2. When he created the random number generator he chose for the generator to choose numbers between 0 and pi. Random number generators allow you to choose what range of numbers you want to sample from.
Hey Andrew , please make a video on how to read a research paper and what research paper can an undergraduate can read.
Read the title, next the abstract, then all the section-titles and subsection-titles and then the conclusion. Then go back and read the contents of the introduction and all following sections.
@@Paraboemba that's actually how I approach most of the papers yeah. You concluded it pretty well hahahaha
one question why do i have to use random numbers. shouldnt it work if i use equdistant values in my integralinterval as well ?
Great video! How would you solve for an integral with infinite limits though?
It would depend on the nature of the function. For a function like the gaussian function which has bounds from -infinity to infinity, you could probably do the integration within 2 to 3 standard deviations of the mean to account for about 95-99% of the area. Moreover, if there exists any symmetry in the bounds you choose for the function, you could compute the integral on only one side of the function and then double the result.
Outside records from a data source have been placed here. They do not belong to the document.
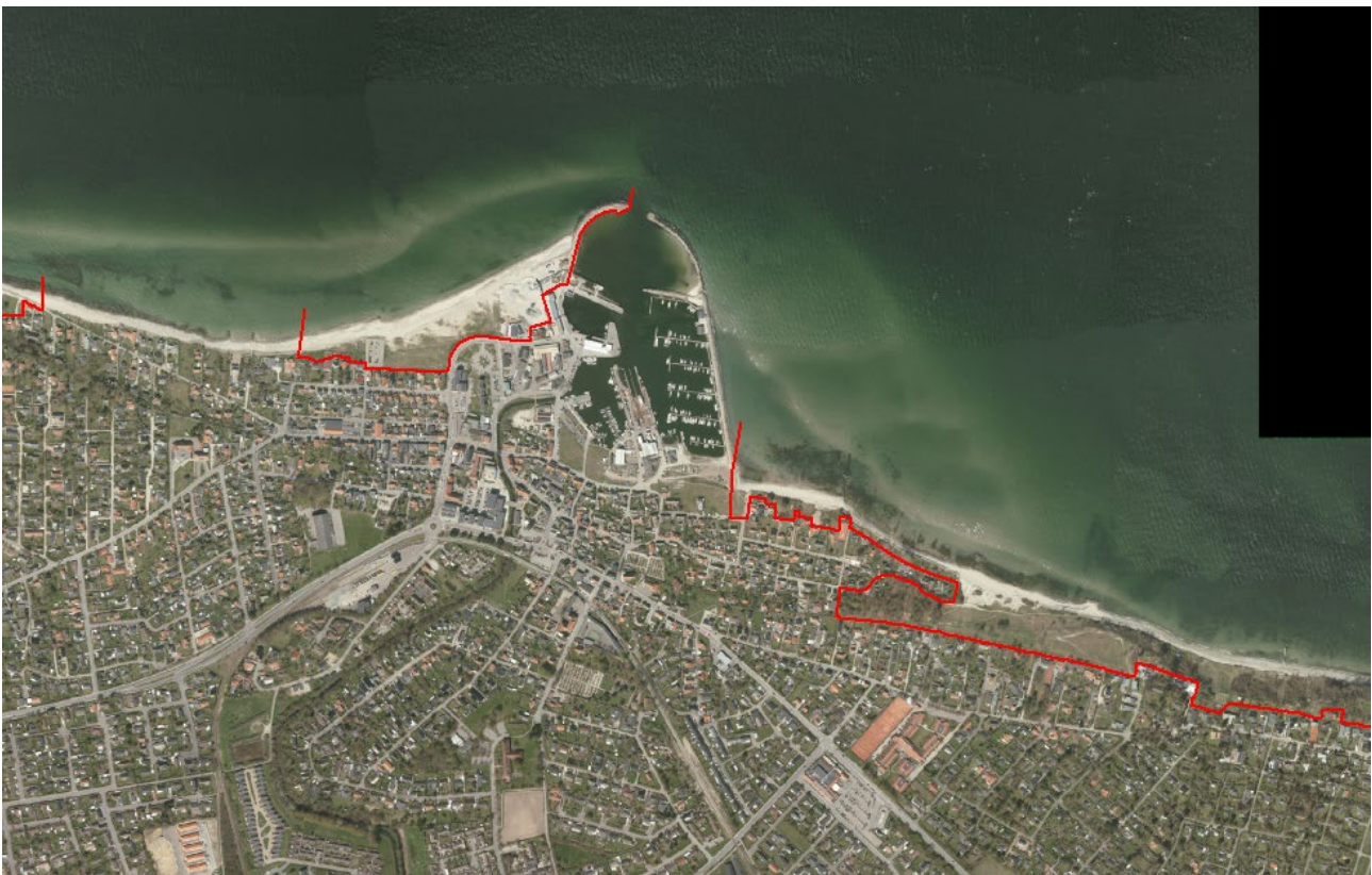
Figur 2. Luffoto 2017 viser Gilleleje Havn. Strandbeskyttelseslinjen er markeret med rød.

De ansøgte arealer består af den vestlige mole samt et areal vest for havnebassinerne, der anvendes af havnen.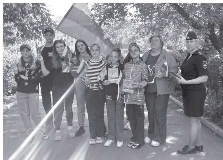
Межмуниципальный отдел МВД России «Черемховский»

В завершение акции леди в погонах вручили местным жителям тематические памятки и призвали беречь своих детей и не оставлять их без присмотра.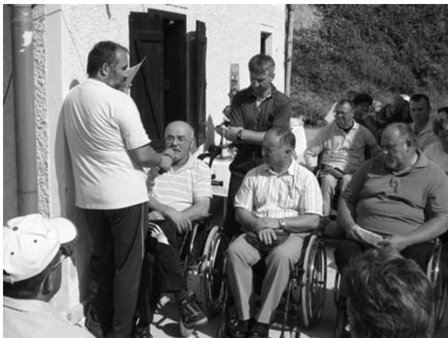
V retoričnih sposobnostih smo se kar dobro odrezali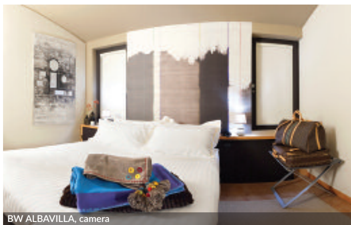
BW ALBAVILLA, camera

Nel 2018 il fatturato complessivo degli hotel Italiani affiliati a Best Western ha raggiunto i 300 milioni di euro, il fatturato transato sui canali Best Western 100 milioni di euro (+7%). Il 2018 soprattutto ha garantito a Best Western un record di nuovi ingressi nel network, con 24 nuovi hotel e oltre 1200 camere in più: un forte segnale dal mercato che sempre più si affida alla forza di un brand e alla sua capacità di offrire supporto personalizzato alle specifiche esigenze di business degli hotel. Sono 38 milioni gli iscritti al loyalty program globale Best Western Rewards® uno dei pochi programmi a raccolta punti che permette ai soci di raccogliere punti che non scadono mai e validi in ogni hotel Best Western del mondo.

This should substantially reduce computational cost.
Only one thing is wrong. The distribution will never be a Dirac's delta. Because of the central limit theorem, the width of the normal distribution will grow as sqrt(N). (You can check the x tics with N=1000 and N=10000 and see the width is greater in the later).What will decrease as sqrt(N) is the standard deviation of the mean. Great video tho👍
Hey Andrew can you tell me about your python journey?
I'm using Monte Carlo to model electron transport through water for my thesis, nice to see some Monte-Carlo!
Sounds really cool!
I'm loving it so far! Thanks for sharing your experience through honours and beyond - it's been great!
Hey man I am working on a different project which is the Cryogenic Energy storage simulation by MCMC. Can you help me a little ?
Do you know if there's a scenario where using Monte Carlo's method would be preferable over other numerical integration methods (such as trapezoidal rule or simpson's rule)? I ask this because, like you said, seems like a lot of computational effort to generate random numbers and then feed them into a function.
Marco Antônio if you start integrating function that depends on more than just x, it starts to be way more worth it to use monte carlo
Oh I see. Thanks for the answer!
In my graduation project I have to calculate the expectation value of some operators over many-body wavefunctions. In a 2D system and for 30 particles (my case) this means a 60 dimensional integral. I simply don't have any other choice beside Monte Carlo integration.
dude, thank you!
''Very nice out of 10'' got me laughing
Could you help me with a monte carlo assignment I have for a more complex equation by any chance :(
thank you!!!so helpful
Thank you bro for this video nice content
Thanks Andrew
What will the Julia equivalent of this code be?
Thank you so much!
super nice video
What is the difference between taking the average of 1000 integration results each having N=10000 random points, and just 1 integration with N=1000*10000?
Is the point of doing this just visualization with histograms?
Wolverine is teaching map its cool!
Thx, that helped me!
nice explanation❤❤❤❤❤❤❤❤❤❤
you have assumed a uniform distribution for f(x)
and what you are calculating in some ways is actually a monte carlo estimate of the expectation ..
Very nice / 10
Isn't this missing a step to relate integral (what we want to find) with the expected value that we're computing? Calling the variable integral also feels confusing, we're computing the expected value of sin(x) where x comes from a uniform distribution.